[Start of section]

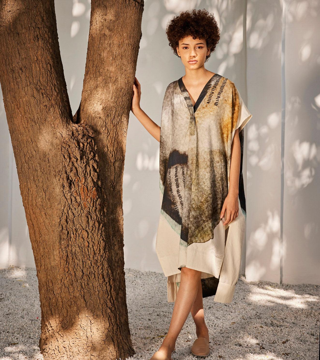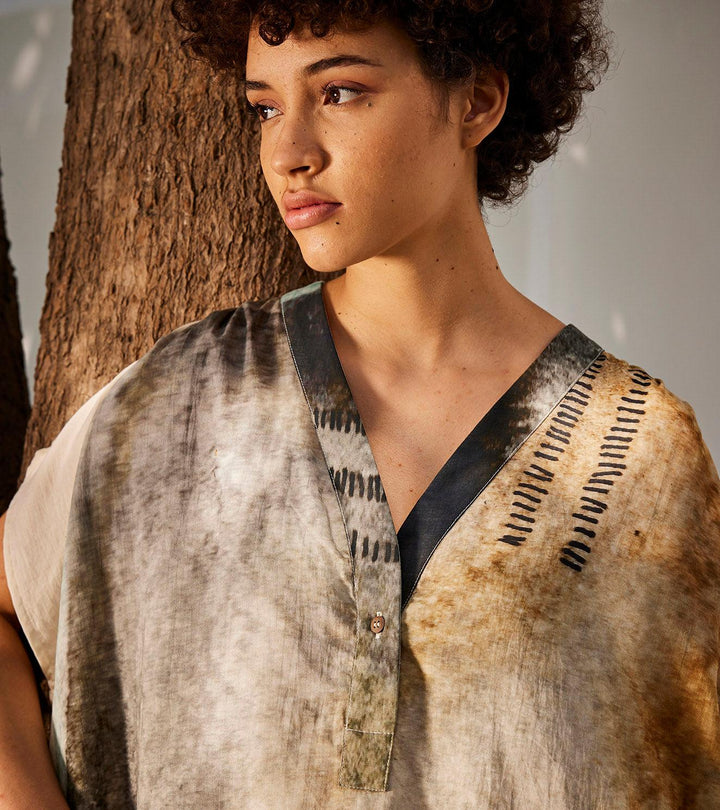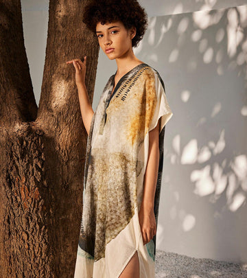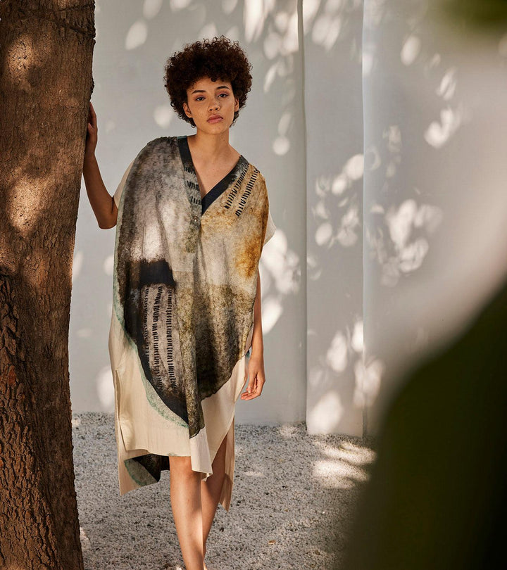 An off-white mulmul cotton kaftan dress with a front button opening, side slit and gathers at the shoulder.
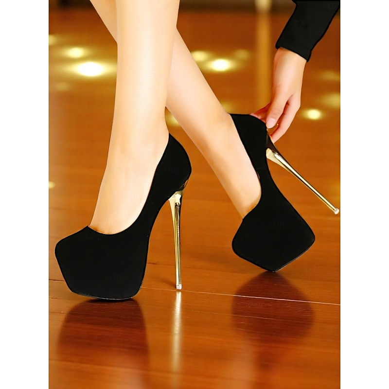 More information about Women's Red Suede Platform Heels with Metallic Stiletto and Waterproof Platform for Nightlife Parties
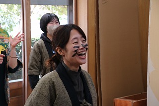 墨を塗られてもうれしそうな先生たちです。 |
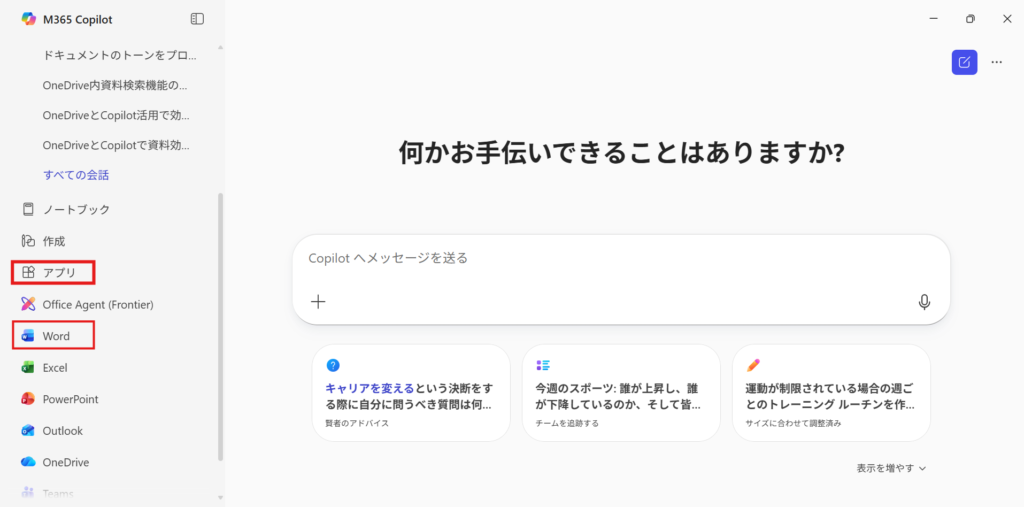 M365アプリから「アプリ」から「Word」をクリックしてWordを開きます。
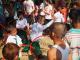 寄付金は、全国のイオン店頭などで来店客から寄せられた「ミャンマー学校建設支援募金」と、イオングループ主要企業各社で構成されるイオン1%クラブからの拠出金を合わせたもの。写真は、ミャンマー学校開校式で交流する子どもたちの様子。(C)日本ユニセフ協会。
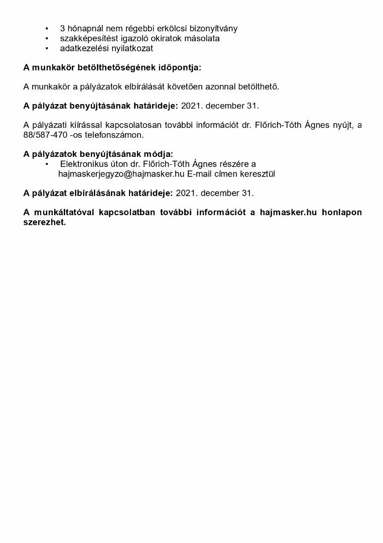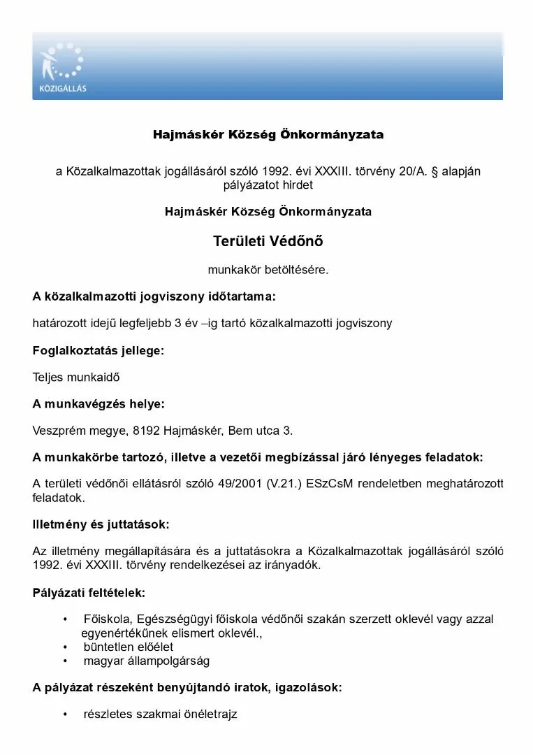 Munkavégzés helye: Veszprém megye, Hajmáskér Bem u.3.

[End of section]
[Start of section]

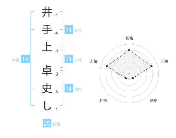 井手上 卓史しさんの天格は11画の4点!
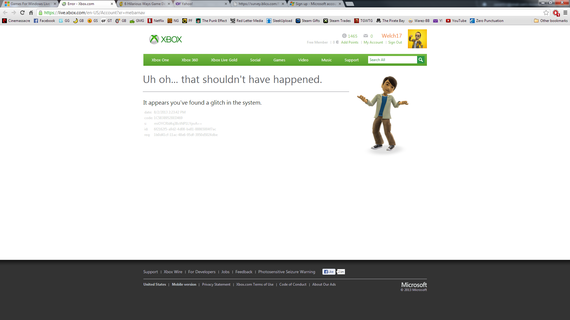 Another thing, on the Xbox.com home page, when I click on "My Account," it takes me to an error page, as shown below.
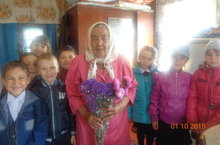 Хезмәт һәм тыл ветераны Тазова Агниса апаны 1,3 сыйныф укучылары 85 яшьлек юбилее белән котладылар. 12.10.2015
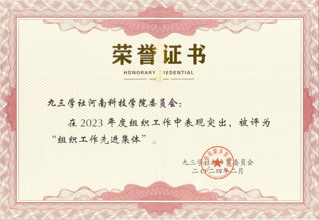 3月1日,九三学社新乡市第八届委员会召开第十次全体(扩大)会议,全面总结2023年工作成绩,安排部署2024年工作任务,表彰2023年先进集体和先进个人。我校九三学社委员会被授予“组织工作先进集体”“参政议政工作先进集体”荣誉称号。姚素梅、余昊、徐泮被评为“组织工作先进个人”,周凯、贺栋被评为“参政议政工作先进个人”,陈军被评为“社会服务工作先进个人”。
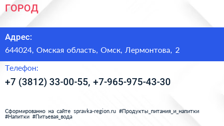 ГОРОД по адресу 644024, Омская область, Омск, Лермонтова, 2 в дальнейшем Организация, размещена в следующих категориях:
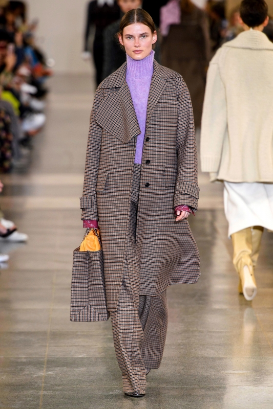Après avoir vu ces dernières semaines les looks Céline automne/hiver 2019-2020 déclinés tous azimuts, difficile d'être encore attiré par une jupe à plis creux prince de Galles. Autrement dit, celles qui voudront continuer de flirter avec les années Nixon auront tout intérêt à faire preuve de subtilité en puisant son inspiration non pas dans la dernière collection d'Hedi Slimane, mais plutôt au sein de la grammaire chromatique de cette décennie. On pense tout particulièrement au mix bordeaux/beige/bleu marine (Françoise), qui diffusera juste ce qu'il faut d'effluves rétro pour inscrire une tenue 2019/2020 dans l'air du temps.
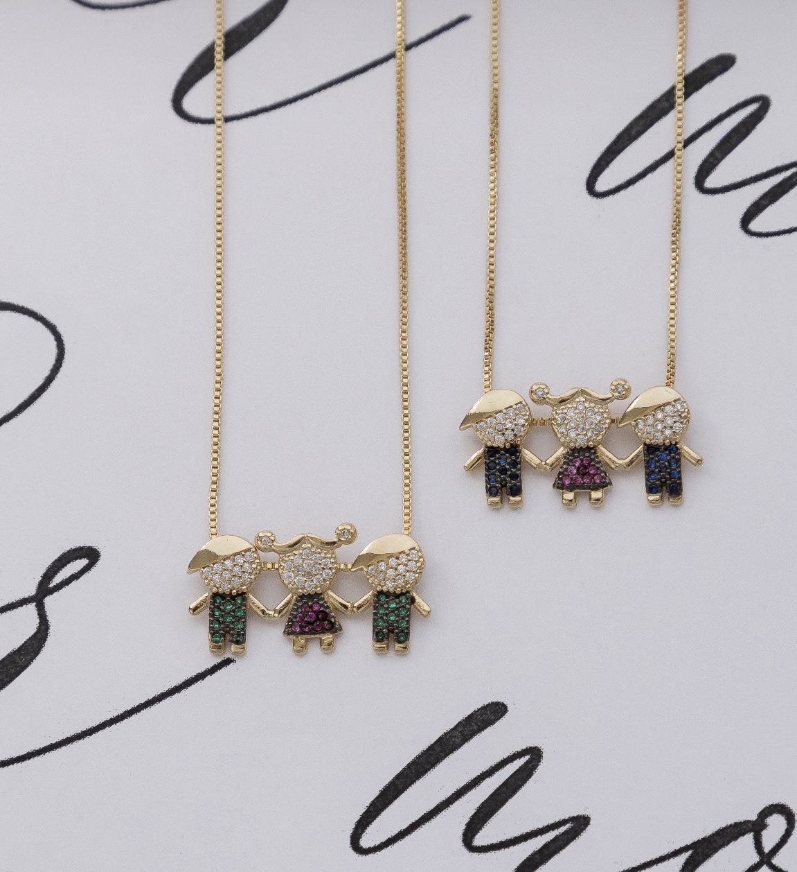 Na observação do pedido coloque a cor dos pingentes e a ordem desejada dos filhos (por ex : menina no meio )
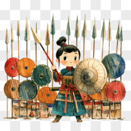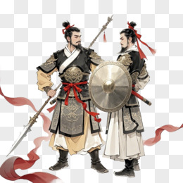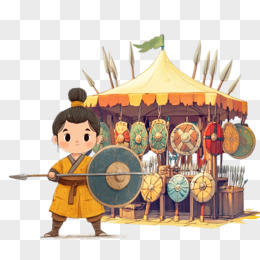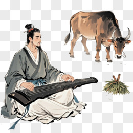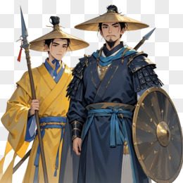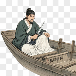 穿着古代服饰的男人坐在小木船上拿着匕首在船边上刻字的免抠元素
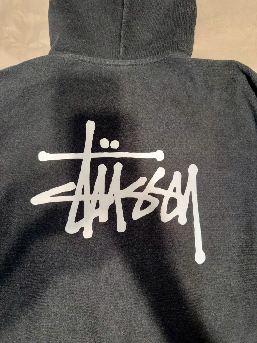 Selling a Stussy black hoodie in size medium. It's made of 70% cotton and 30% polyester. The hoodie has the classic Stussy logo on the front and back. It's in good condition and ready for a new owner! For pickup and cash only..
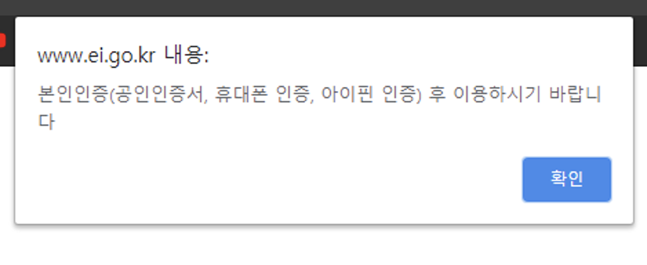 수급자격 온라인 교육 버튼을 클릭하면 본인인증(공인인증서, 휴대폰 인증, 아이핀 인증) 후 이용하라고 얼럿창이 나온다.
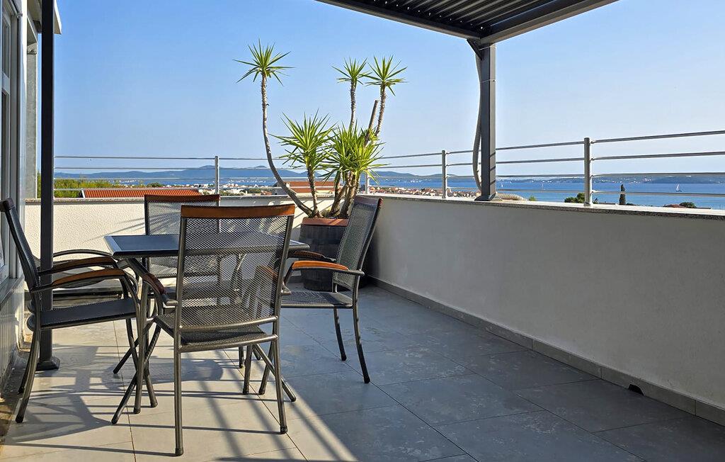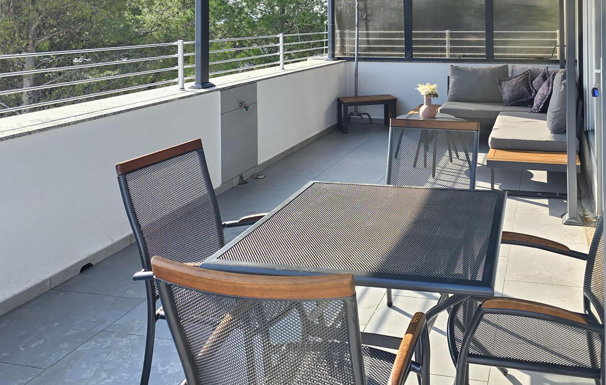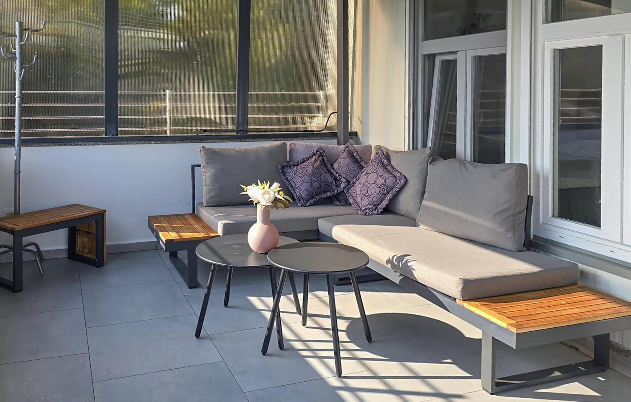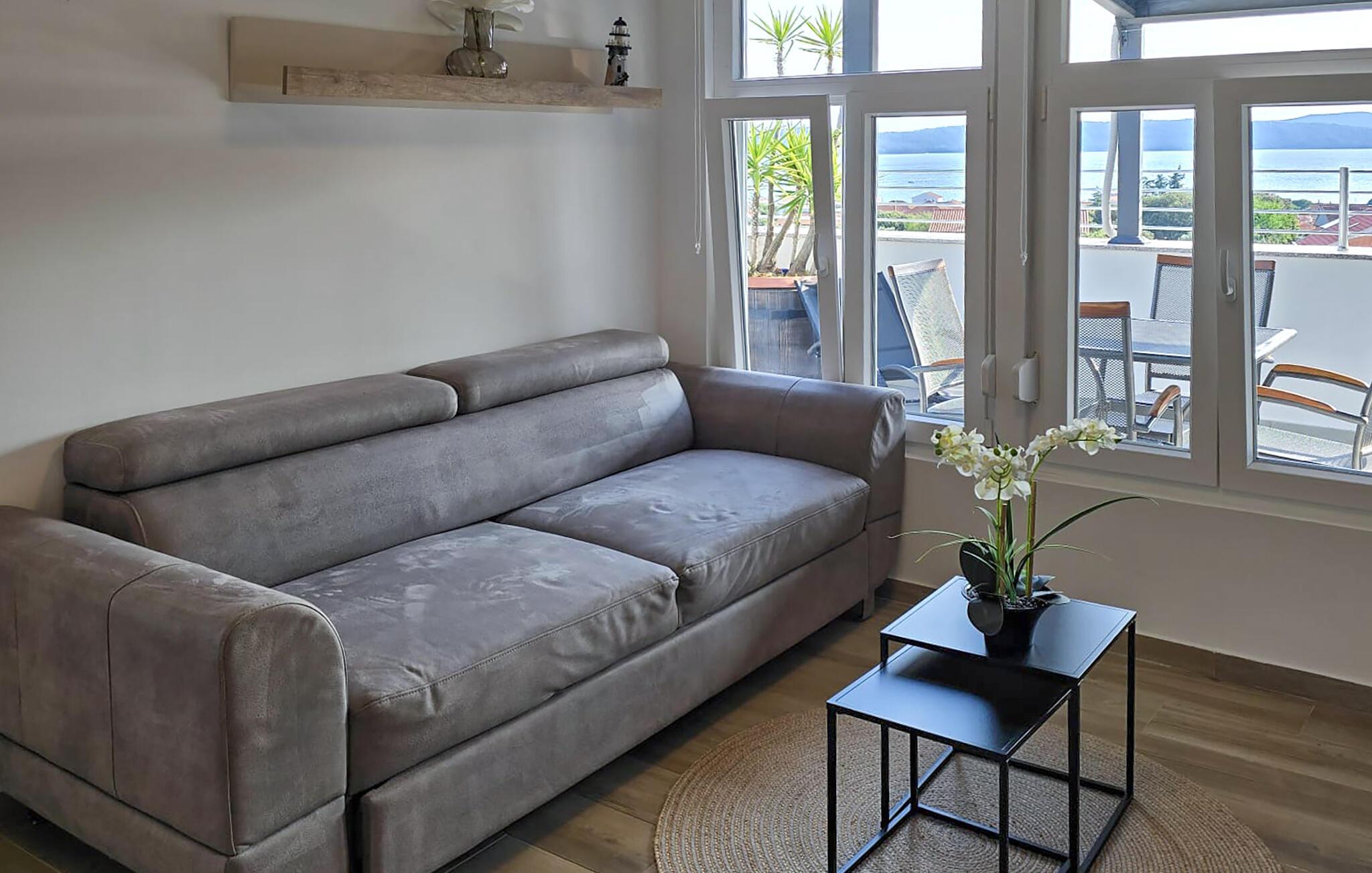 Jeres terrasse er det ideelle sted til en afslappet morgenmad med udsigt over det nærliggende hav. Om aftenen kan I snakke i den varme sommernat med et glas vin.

[End of section]

> **Exercise prompt**: Reproduce the listing above only between the lines holding "M365アプリから「アプリ」から「Word」をクリックしてWordを開きます。" and "Munkavégzés helye: Veszprém", inclusive. Every line must match exactly, and pictures are dropped.

> **Answer space**:
 M365アプリから「アプリ」から「Word」をクリックしてWordを開きます。
 寄付金は、全国のイオン店頭などで来店客から寄せられた「ミャンマー学校建設支援募金」と、イオングループ主要企業各社で構成されるイオン1%クラブからの拠出金を合わせたもの。写真は、ミャンマー学校開校式で交流する子どもたちの様子。(C)日本ユニセフ協会。
 Munkavégzés helye: Veszprém megye, Hajmáskér Bem u.3.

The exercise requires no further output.